Q: What is causing the discrepancies in credit availability?

Chen: We have a mismatch in supply and demand. There are a few dynamics at work. From a supply perspective, more stringent regulations and capital requirements have prompted commercial banks, historically the largest source of CRE financing, to consolidate and/or become more constrained than before the crisis of 2008-2009. One-third of the top originators in 2007 are no longer actively lending in this market, according to the Mortgage Bankers Association, and those that remain are more risk averse. Banks also have reverted to tighter standards.

Meanwhile, the commercial mortgage-backed securities (CMBS) market, which at its peak in 2007 was the largest source of CRE financing, is also much smaller. Although originations recovered after the financial crisis, they have once again plummeted due to market volatility and the introduction of new regulations. In 2016, originations were down 40% year-over-year and the market is now down by more than 60% from its 2007 peak, according to a June report by Real Capital Analytics.

From a demand standpoint, more than $1 trillion of U.S. commercial real estate loans are set to mature over the next three years, including about $300 billion of loans backed by CMBS. We anticipate that as much as 30% of these loans will have difficulty refinancing.

Separately, transaction volume, which is a major driver of financing demand, remains well above historical averages despite having declined since early 2016. In fact, volume this year is still expected to be the fourth-highest on record, according to Moody’s/RCA. Institutional investors have generally continued to increase their CRE allocations. Private equity real estate funds have over $150 billion of dry powder, a record, according to Preqin.

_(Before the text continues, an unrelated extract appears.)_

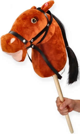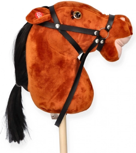 Pluszowy konik na kiju Fanta premium dla dzieci 3+. Miękka głowa, kij 40 cm, całkowita długość 70 cm. Bezpieczna zabawka z certyfikacją CE.
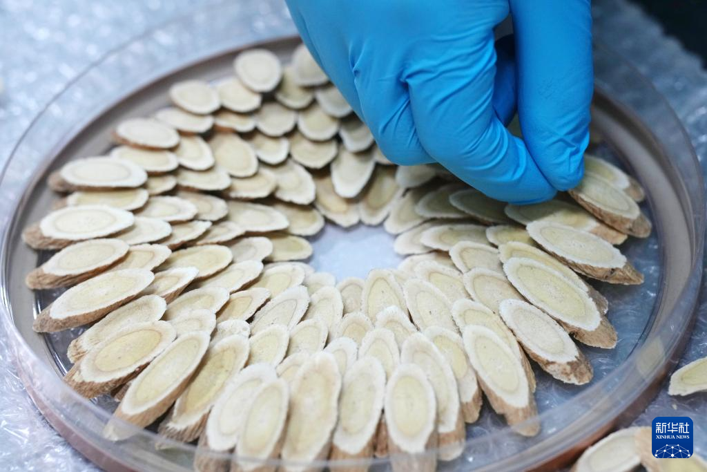 工作人员在宁夏固原市隆德县一家药材加工企业包装黄芪(12月6日摄)。

The confluence of these factors should create attractive opportunities for more flexible lenders not constrained by the regulatory requirements or risk constraints faced by banks and insurance companies.

Q: Nine years after the global financial crisis, where do you see the greatest unmet borrower needs?

Thompson: As Devin discussed, banks have grown conservative by necessity. This has resulted in property buyers having to invest more equity than in the pre-crisis period. While banks previously loaned up to 70% against value, loan-to-value (LTV) ratios today are capped closer to 60% to 65%. Much of this is driven by regulations and by the Office of the Comptroller of the Currency (OCC), which in 2016 raised concerns about growing concentration risk and loosening underwriting standards in banks’ CRE credit loan portfolios. Banks have since tightened up where they lend, whom they lend to, and at what levels they are lending.

In addition, as Devin mentioned, the banks are much less active in the CMBS new issue market, and as a result, have held more whole loans on their balance sheets than pre-crisis.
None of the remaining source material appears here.